If the mask you found suitable during fitting becomes uncomfortable after a few nights or is difficult to fit, contact your sleep medicine physician or medical equipment provider. You may need advice on how to fit it or a different style of mask.
And if after two or three weeks of trying it you feel like CPAP isn’t working for you, “talk to your sleep doctor about what else you can do, but don’t give up,” Rowley says.
Some people may take longer to adjust. David Levey, for example, estimates that it took him two to three months to become fully comfortable with his CPAP, and he had to switch from side sleeping to back or back to prevent his device from slipping out of place.
“Getting used to sleeping on my back was the hardest part of adjusting to CPAP, but once I did I woke up feeling much more rested,” he says.
Common Side Effects of CPAP Machines
The side effects of CPAP use can often cause discomfort. Here’s how to manage the most common CPAP-related complaints:
Dry mouth. An uncomfortably dry mouth can occur when a full face mask fails to form a tight seal on your face or with a nasal mask or nasal pillows if you breathe through your mouth, Rowley says.

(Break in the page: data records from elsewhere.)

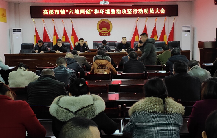 12月23日上午,冷水滩区高溪市镇在镇政府四楼会议室召开“六城同创”和环境整治攻坚行动动员大会,镇政府所有干部职工、各村(社区)主干、镇直单位负责人共80余人参加会议。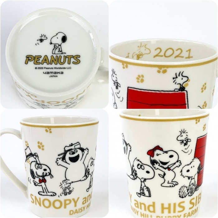 世界中から愛されているスヌーピーから、2021年バージョンのイヤーズマグが入荷しました!スヌーピーと兄弟達が登場する賑やかなデザインで、内側には「2021」のロゴがあります。シンプルなホワイトベースにゴールドのロゴでご年齢問わずお使いいただけます♪350mlとしっかり容量が入り安定感のある形なので、ティータイムもゆったりとお楽しみいただけます。ギフトやプレゼントとしても喜ばれると思います♪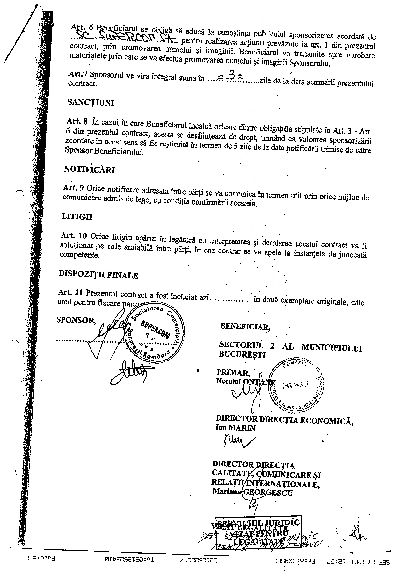 Acum, informația zilei: Contractul de sponsorizare al SUPERCOM SA cu Primăria sectorului 2. BUM! 🙂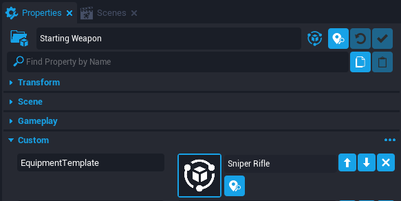 4. Drag and drop the Sniper Rifle template into the EquipmentTemplate custom property.
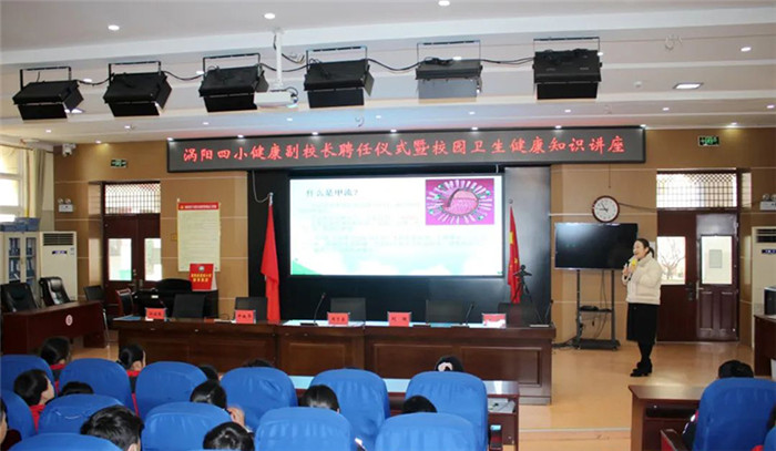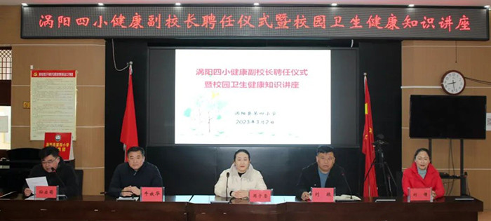 为进一步加强学校卫生与健康教育工作,切实提升学校公共卫生应急处置水平,全面维护师生生命安全和身体健康,3月2日上午,涡阳县第四小学举行健康副校长聘任仪式暨校园卫生健康知识讲座。特聘涡阳县人民医院护理部干事周子莹医生为涡阳县第四小学健康副校长。

What should you do? If you wear a full mask, have your sleep medicine specialist or sleep technician check the fit. If you are a mouth breather, ask if a chin strap can be added to your nasal mask or nose pillow devices to keep your mouth closed while you sleep.
Nasal congestion. It may be because the air is directed towards the nose.
What should you do? Most newer CPAP machines come with a built-in humidifier; You can adjust the humidification level to relieve nasal congestion. If that doesn’t help, talk to your doctor. “Most CPAP-related nasal congestion can be treated with an antihistamine or steroid nasal spray,” explains Rowley.
Acne. Some CPAP users report redness, itching, or a rash where the mask touches the skin. According to the AAST, an allergic reaction to a CPAP mask is rare, and these skin problems are almost always related to inadequate mask hygiene.
What should you do? “Wash the entire mask and humidifier chamber with soap and water at least once a week,” Rowley says. (Get more CPAP care tips here.) And while some researchers have theorized that CPAP might increase the risk of respiratory infections like pneumonia, studies so far have failed to find a link.
Sleep Apnea Treatment Alternatives
There are also other treatment options such as mouth guards, called mandibular advancement devices, which help keep the airway open, and surgically implanted devices that send electrical impulses to the nerve that controls the muscles of the upper airway.
If you’re overweight, losing a few pounds can also help reduce the severity of your sleep apnea.
And remember: “Treating your sleep apnea will not only help you sleep better, but you may also live longer,” says Feinsilver.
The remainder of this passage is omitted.